I wrote this library to work as part of an online service to help lawyers
assemble Exhibits (www.magicexhibits.com).

The first version of that site uploaded everything to a server, where I used
QPDF and Hummus to put everything together into a big .pdf, then downloaded
the result. It worked, but it was slow.

The second version used an Emscripten encoded version of qpdf[0] to move part
of the processing client-side (meaning into the browser), which made the
processing faster. But even after compressing as much as possible, the
Emscripten qpdf.js was 4mb, which made the site load time much slower.

So, finally, I wrote PDF Assembler, which loads fast and does almost all of
what I need. If someone loads a document I can't process with JavaScript
alone, like a .docx file, I still have to send that to a server to convert to
a .pdf. But PDF Assembler does the majority of the processing right in the
browser, which makes the site a LOT faster.
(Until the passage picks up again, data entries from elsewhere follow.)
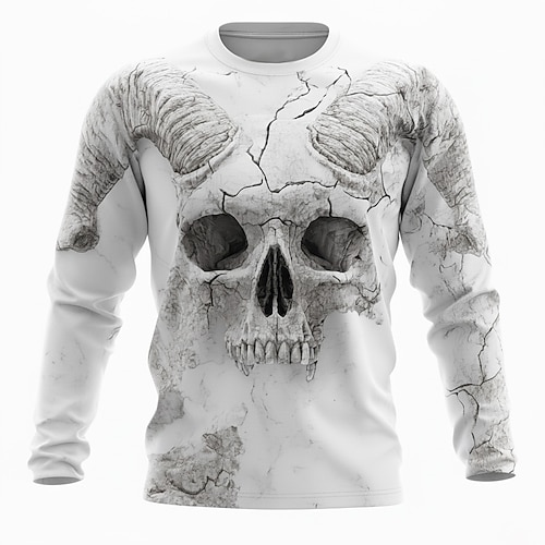 Per uomo Illusione ottica Diavolo Maschera Maglietta Manica Lunga maglietta Stampa 3D Girocollo Camicia Moda Esagerato 3D Streetwear Quotidiano Bianco Bianco 2 Estate Primavera Autunno Abbigliamento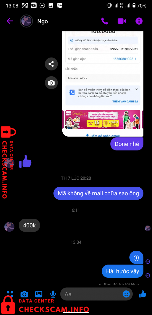 Bank xong mã không về mail lại đòi thêm 400 . Hiện giờ về lại dạng ban đầu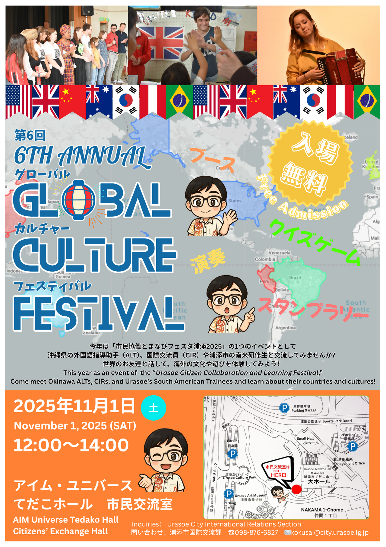「グローバル・カルチャー・フェスタ」が「市民協働とまなびのフェスタ浦添2025」の1つのイベントとして8年ぶりに復活します!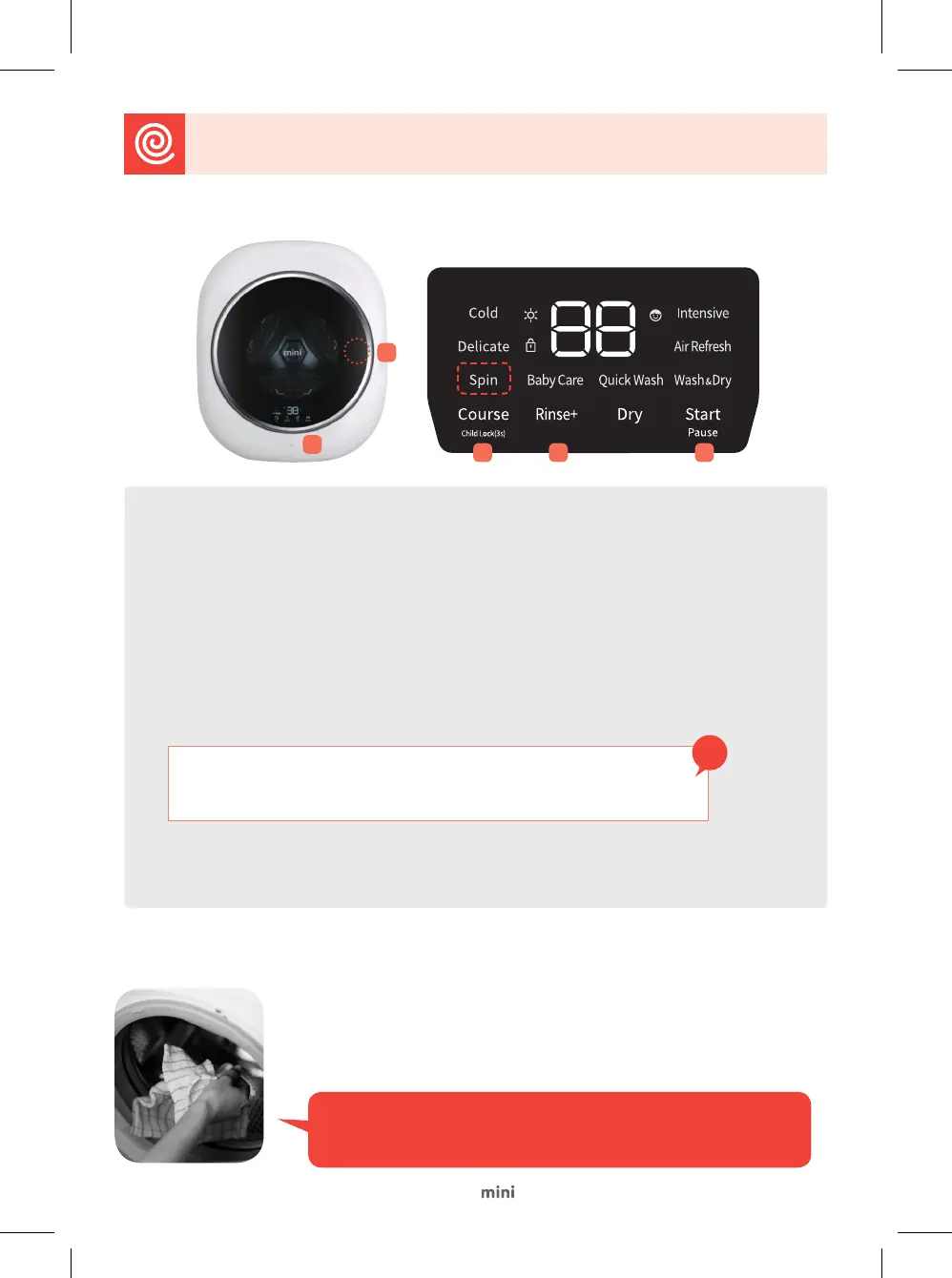 ※ The maximum number of rinse cycles allowed for Spin course is 5.
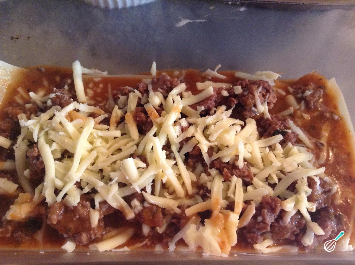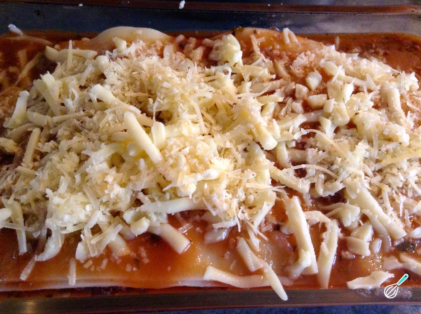 Assim que o molho de carne fique pronto, cubra a primeira camada com uma folha de lasanha cozida e adicione o molho de carne que acabou de fazer. Adicione novamente os queijos parmesão e mussarela.

And, as a nice side effect, our
users like the improved privacy protection, because as long as all their input
files are .pdfs, those files never leave their computer.

Personally, I use QPDF on the command line (in OS X) quite a bit, and I've
also used PDFTk and Hummus on my local computer. But our users aren't as
computer savvy, so it was important to make a solution for them that was as
simple as possible - meaning one that didn't involve downloading and
installing any software. So an SPA is an ideal solution for them, and an SPA
that uploads as little as possible to the server is even better.

[0] [https://github.com/jrmuizel/qpdf.js](https://github.com/jrmuizel/qpdf.js)